- **Extracted entries**
- - - - - - -

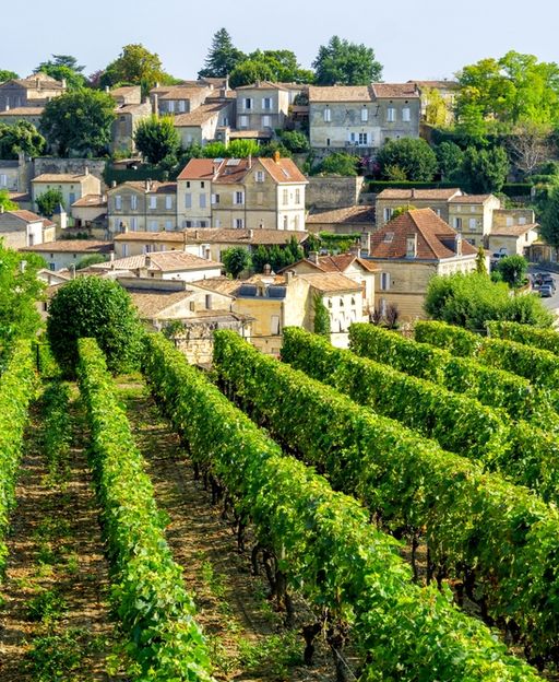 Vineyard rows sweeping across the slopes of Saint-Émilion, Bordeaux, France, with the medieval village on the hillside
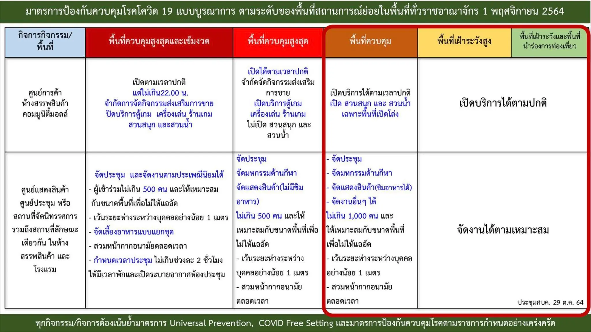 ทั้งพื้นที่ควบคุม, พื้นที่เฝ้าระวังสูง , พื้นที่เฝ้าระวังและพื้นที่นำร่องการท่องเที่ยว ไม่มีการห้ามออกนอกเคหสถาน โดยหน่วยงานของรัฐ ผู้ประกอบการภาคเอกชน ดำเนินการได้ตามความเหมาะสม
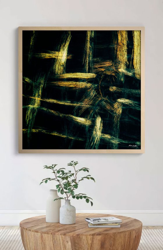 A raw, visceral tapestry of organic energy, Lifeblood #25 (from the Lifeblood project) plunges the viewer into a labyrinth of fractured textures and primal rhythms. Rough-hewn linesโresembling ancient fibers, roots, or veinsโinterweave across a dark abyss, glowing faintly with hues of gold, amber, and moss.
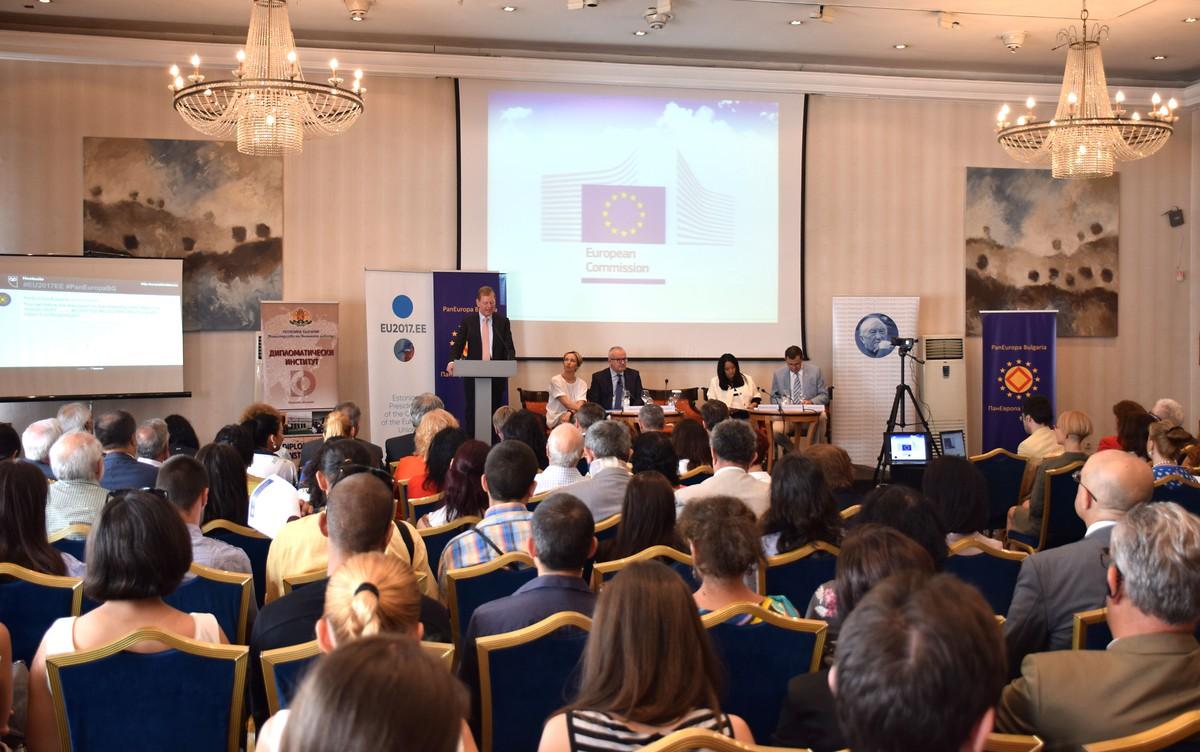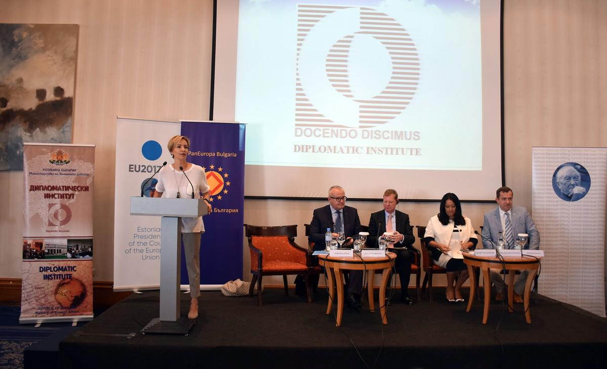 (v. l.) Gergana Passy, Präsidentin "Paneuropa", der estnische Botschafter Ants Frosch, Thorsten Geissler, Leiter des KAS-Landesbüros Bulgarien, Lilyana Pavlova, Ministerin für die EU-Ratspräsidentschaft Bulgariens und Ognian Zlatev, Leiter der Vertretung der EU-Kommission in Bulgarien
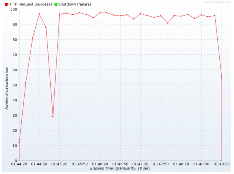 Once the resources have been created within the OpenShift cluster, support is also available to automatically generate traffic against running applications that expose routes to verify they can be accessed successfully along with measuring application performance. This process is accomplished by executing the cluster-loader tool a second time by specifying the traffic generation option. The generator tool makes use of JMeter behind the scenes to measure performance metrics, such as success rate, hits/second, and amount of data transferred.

- - - - - - -

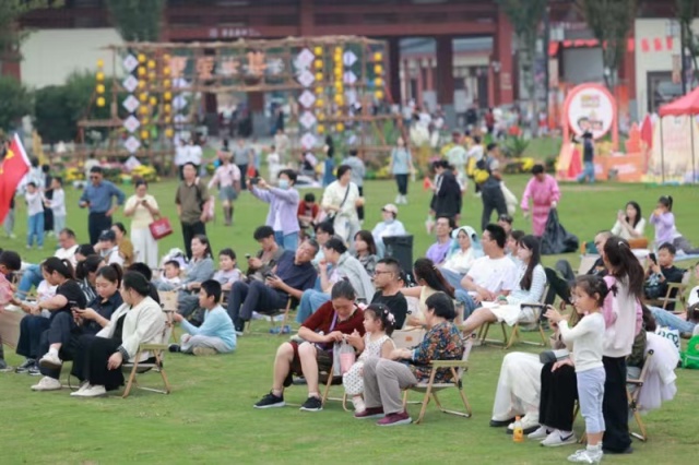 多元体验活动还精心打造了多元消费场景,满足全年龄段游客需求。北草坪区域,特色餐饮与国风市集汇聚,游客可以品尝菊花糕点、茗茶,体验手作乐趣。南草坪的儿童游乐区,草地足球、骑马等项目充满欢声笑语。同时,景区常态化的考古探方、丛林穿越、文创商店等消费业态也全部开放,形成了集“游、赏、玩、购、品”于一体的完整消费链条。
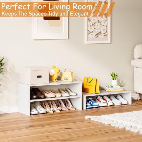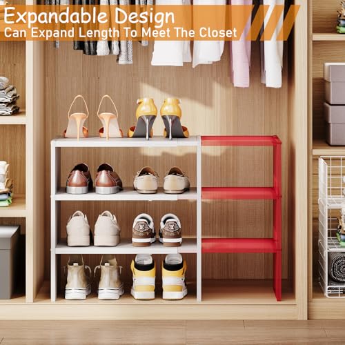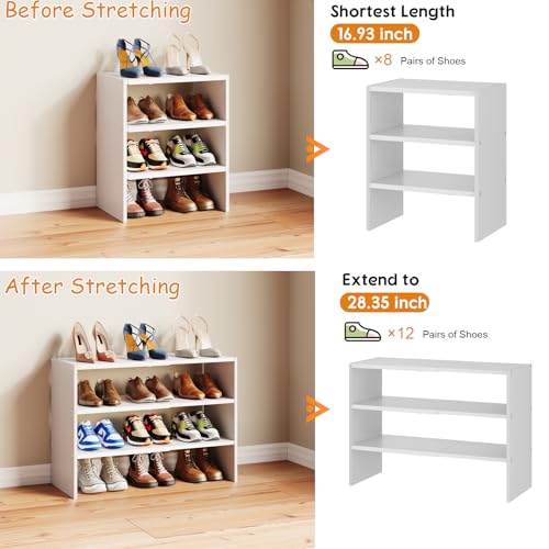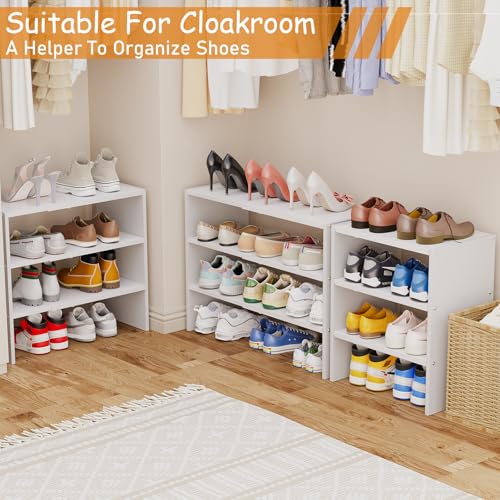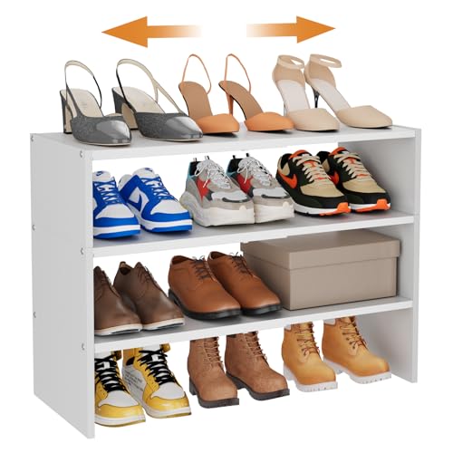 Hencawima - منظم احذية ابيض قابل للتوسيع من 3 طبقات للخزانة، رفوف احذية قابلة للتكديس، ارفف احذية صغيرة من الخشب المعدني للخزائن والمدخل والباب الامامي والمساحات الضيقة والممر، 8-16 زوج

- - - - - - -

- **Work order**
Give the lines above again exactly, from the one containing "Vineyard rows sweeping" to the one containing "(v. l.) Gergana", both included, but leave out the pictures.

- **Output for this exercise**
 Vineyard rows sweeping across the slopes of Saint-Émilion, Bordeaux, France, with the medieval village on the hillside
 ทั้งพื้นที่ควบคุม, พื้นที่เฝ้าระวังสูง , พื้นที่เฝ้าระวังและพื้นที่นำร่องการท่องเที่ยว ไม่มีการห้ามออกนอกเคหสถาน โดยหน่วยงานของรัฐ ผู้ประกอบการภาคเอกชน ดำเนินการได้ตามความเหมาะสม
 A raw, visceral tapestry of organic energy, Lifeblood #25 (from the Lifeblood project) plunges the viewer into a labyrinth of fractured textures and primal rhythms. Rough-hewn linesโresembling ancient fibers, roots, or veinsโinterweave across a dark abyss, glowing faintly with hues of gold, amber, and moss.
 (v. l.) Gergana Passy, Präsidentin "Paneuropa", der estnische Botschafter Ants Frosch, Thorsten Geissler, Leiter des KAS-Landesbüros Bulgarien, Lilyana Pavlova, Ministerin für die EU-Ratspräsidentschaft Bulgariens und Ognian Zlatev, Leiter der Vertretung der EU-Kommission in Bulgarien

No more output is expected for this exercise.